§ PROBLEM DESCRIPTION
Reproduce the lines below exactly, from the one containing "Im Bad findet" through the one containing "Здесь нас учат, насколько", both included. Leave out any pictures.

§ RECORD EXCERPTS
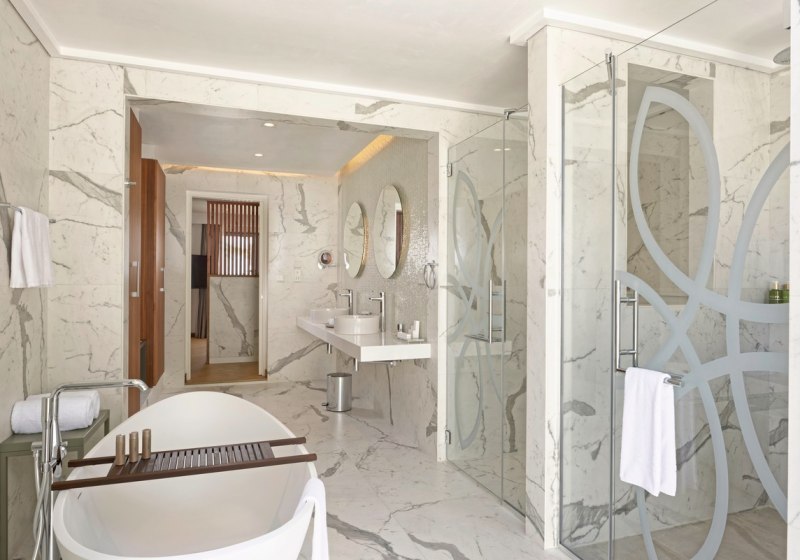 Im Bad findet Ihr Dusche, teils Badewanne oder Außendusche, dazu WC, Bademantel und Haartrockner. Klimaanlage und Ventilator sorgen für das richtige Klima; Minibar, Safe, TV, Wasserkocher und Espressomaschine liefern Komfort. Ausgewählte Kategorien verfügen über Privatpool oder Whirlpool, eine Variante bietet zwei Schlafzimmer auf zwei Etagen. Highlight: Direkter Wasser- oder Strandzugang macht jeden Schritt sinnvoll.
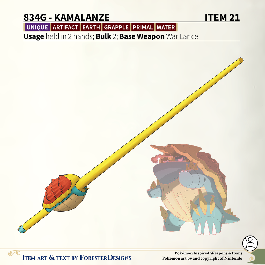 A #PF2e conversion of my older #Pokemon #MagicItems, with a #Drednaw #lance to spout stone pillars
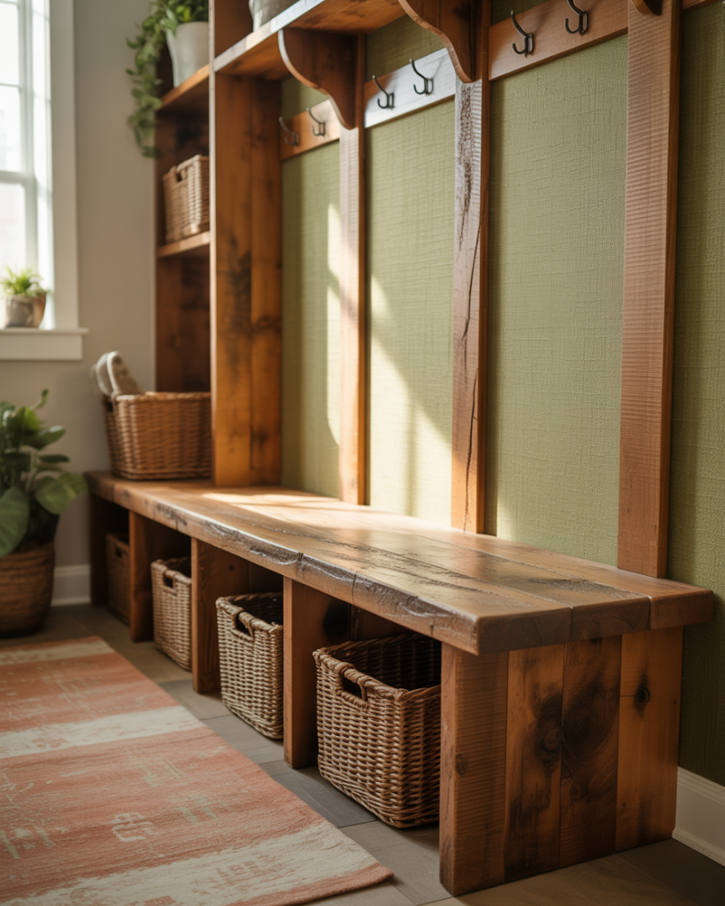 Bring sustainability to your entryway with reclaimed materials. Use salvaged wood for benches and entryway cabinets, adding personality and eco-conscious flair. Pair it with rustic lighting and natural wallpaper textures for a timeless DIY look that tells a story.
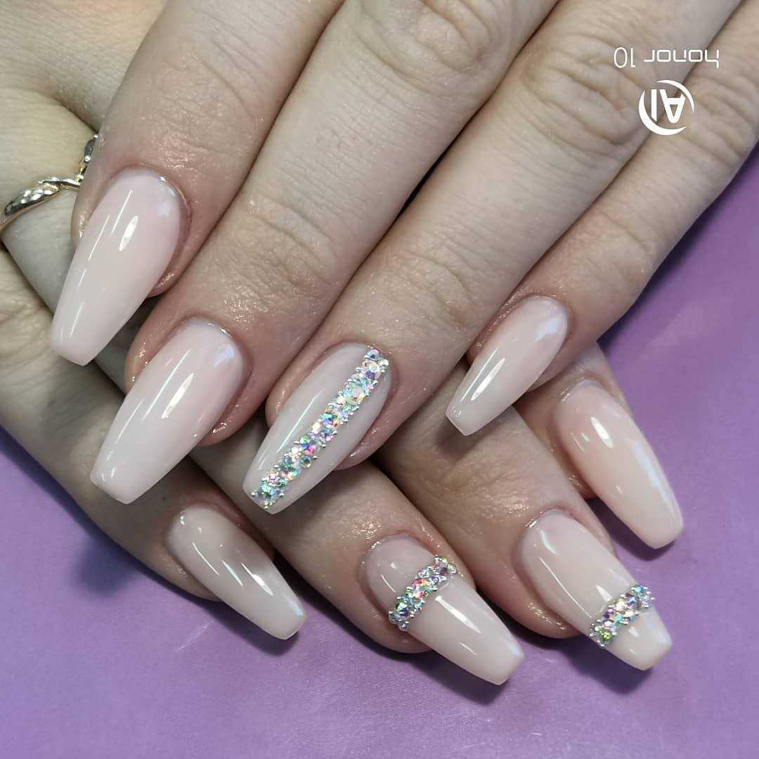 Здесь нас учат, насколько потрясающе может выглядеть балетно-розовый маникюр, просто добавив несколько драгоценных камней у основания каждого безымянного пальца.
---
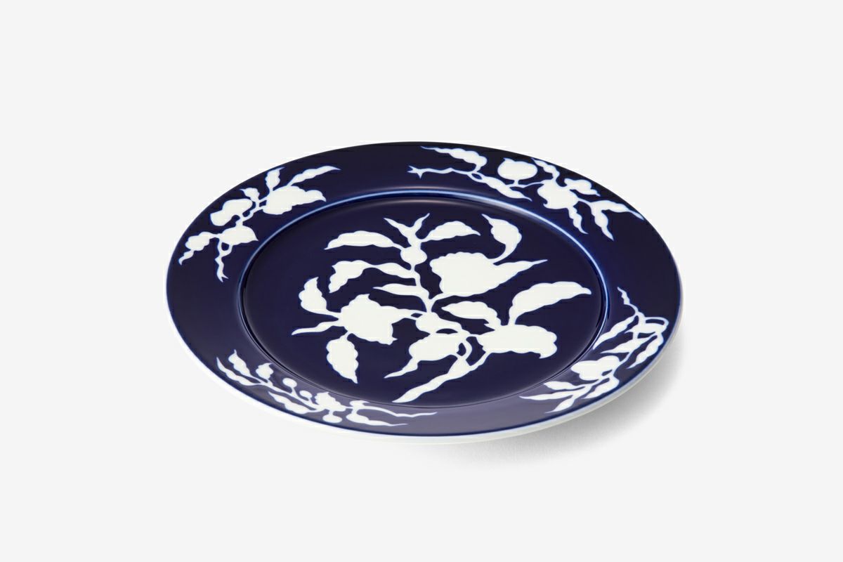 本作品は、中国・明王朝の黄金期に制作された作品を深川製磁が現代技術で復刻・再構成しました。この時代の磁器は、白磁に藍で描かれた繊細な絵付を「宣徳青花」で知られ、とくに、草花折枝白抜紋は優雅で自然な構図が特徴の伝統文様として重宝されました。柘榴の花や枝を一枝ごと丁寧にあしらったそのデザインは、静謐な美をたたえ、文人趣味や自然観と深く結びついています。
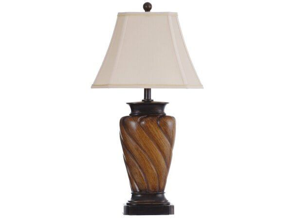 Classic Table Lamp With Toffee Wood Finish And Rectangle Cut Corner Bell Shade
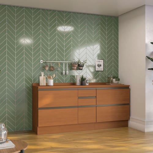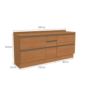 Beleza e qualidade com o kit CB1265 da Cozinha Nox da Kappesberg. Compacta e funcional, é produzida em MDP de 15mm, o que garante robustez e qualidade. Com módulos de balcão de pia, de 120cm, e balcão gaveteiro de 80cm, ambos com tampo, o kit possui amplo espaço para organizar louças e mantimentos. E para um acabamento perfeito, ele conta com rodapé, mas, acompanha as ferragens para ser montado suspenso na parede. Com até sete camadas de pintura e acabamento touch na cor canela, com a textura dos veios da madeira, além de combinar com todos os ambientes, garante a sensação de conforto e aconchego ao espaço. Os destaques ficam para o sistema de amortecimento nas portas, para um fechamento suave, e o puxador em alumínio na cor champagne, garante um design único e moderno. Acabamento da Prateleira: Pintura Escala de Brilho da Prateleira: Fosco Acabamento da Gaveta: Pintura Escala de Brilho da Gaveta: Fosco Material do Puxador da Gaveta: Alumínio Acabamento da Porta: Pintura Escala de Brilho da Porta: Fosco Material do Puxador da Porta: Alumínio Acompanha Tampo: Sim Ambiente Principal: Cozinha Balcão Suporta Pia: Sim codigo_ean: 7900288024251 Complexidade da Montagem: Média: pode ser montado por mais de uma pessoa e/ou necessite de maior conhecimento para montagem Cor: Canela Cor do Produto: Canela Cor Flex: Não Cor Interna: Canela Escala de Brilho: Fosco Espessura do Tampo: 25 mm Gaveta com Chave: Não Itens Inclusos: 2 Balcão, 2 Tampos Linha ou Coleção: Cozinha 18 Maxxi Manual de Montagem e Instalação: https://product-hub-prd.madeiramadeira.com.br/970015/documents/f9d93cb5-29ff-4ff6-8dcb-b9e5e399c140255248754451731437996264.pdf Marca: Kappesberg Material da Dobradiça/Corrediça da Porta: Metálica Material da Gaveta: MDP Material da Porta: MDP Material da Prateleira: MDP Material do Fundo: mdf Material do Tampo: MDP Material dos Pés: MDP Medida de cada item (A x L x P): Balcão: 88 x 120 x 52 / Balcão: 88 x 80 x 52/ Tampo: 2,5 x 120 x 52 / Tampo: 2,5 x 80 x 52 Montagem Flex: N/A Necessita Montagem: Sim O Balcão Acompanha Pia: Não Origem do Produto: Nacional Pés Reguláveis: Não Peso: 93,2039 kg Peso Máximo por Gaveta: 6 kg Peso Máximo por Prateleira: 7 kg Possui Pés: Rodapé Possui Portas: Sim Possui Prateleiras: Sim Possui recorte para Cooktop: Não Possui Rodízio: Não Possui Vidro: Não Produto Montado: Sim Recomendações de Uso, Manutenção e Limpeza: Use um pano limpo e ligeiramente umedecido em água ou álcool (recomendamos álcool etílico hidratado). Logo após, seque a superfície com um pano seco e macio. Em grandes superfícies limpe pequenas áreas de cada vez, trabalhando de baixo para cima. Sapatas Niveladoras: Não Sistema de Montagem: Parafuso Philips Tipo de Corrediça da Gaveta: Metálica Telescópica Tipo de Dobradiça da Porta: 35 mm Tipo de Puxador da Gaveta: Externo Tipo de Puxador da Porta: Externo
==
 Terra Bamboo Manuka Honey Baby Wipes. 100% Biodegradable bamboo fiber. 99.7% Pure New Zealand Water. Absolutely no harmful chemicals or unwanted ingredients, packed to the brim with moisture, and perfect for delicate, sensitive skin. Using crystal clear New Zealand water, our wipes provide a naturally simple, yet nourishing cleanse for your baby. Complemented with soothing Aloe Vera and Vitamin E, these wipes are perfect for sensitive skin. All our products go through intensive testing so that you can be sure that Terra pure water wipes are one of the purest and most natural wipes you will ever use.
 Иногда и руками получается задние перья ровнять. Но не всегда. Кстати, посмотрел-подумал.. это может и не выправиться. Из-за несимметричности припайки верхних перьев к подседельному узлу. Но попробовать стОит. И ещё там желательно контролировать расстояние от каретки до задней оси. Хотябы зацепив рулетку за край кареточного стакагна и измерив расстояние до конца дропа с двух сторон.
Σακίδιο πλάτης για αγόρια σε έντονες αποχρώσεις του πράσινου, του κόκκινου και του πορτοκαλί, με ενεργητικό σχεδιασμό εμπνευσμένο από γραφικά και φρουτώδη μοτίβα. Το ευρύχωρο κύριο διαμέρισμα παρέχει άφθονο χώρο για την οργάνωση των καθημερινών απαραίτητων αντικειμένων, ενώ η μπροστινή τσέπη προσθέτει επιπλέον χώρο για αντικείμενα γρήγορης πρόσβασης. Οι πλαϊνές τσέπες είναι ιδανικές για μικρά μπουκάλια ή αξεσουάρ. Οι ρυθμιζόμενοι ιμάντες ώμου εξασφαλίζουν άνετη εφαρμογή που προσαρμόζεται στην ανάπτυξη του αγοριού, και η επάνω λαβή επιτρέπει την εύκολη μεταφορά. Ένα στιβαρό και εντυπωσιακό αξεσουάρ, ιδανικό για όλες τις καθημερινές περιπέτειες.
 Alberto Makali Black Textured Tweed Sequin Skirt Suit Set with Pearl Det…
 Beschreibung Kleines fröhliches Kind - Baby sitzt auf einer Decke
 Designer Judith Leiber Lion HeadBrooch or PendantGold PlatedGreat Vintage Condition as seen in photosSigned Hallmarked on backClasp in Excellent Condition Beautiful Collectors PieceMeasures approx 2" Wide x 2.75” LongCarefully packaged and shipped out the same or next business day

§ ANSWER TO THE PROBLEM
 Im Bad findet Ihr Dusche, teils Badewanne oder Außendusche, dazu WC, Bademantel und Haartrockner. Klimaanlage und Ventilator sorgen für das richtige Klima; Minibar, Safe, TV, Wasserkocher und Espressomaschine liefern Komfort. Ausgewählte Kategorien verfügen über Privatpool oder Whirlpool, eine Variante bietet zwei Schlafzimmer auf zwei Etagen. Highlight: Direkter Wasser- oder Strandzugang macht jeden Schritt sinnvoll.
 A #PF2e conversion of my older #Pokemon #MagicItems, with a #Drednaw #lance to spout stone pillars
 Bring sustainability to your entryway with reclaimed materials. Use salvaged wood for benches and entryway cabinets, adding personality and eco-conscious flair. Pair it with rustic lighting and natural wallpaper textures for a timeless DIY look that tells a story.
 Здесь нас учат, насколько потрясающе может выглядеть балетно-розовый маникюр, просто добавив несколько драгоценных камней у основания каждого безымянного пальца.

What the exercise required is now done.